After test start some time,if I need to see the continuously
data from DAQ module,so I send a “give me the real data” request to GenNet-server ,is the the GenNet-server capable to continuously send the measurement data with the messages back to the GenNet-client?I tried add with a Help Loop to repeat this ‘do something with result’ state,but it not work,I must have something misunderstand in your code somewhere.
Please bare with my poor understanding and explanation.
Teddy, I am not sure I understand your architecture yet. Do you want to acquire data from multiple DAQ modules and collect it in one place? Or do you want to use the data from one DAQ module in various places?
“after GenNet-server received configuration data from GenNet-client, then the DAQ module received the configuration data and start acquire”
Is the DAQ module actually (using) a GenNet client?
Joerg,
I want to acquire data from multiple DAQ modules and collect it in one place. I think the DAQ modules are GenNet-clients, because DAQ modules need to send the measurement data to the GenNet-server if the server want. In the sever side, I need listen the data from individual DAQ modules.
I am sorry I made this confused in last two comments.
I’m afraid that there is no other way with our GenNet modules than to just send all data, message after message. The “collector” has no way of telling the DAQ modules to start or stop sending data. The DAQ modules need to send all data and leave it to the collector to decide wether to display or discard it. Technically, you would create a request, similar to how you send the “give me my configuration data” (which then returns the config data to the DAQ module in the reply). Anyhow, that should work just fine right out of the box.
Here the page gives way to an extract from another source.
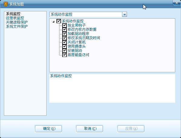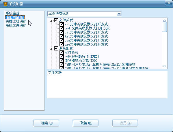 感觉这项有必要列出瑞星自我保护了哪些东东,若用户感觉不足可以自己再进行扩充。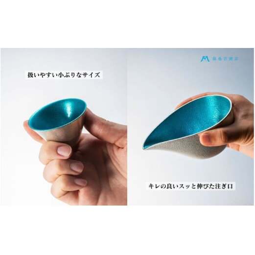 ※内側の着色部分は、染色工程で色ブレが起きるため、個体によって若干異なる色に仕上がります(個体差)。片口と盃はできるだけ同じ色を組み合わせて出荷しておりますが、手作りの風合いとして個体差をお楽しみいただけると幸いです。また、片口と盃では器の深さも異なり、光の入り方で違う色に見えることもあります。

You could also create a separate, proprietary channel (TCP or UDP) with the LabVIEW networking primitives. You’d use the GenNet mechanism for control messages, but stream the actual data over a separate and different network connection.
Excellent work!
Hi Joerg, this module looks really nice!
Thanks a lot for sharing it, I’ll be playing around with it.
Hey Antoine, great to hear that you’re looking into it. I hope you can make it work for your use-case.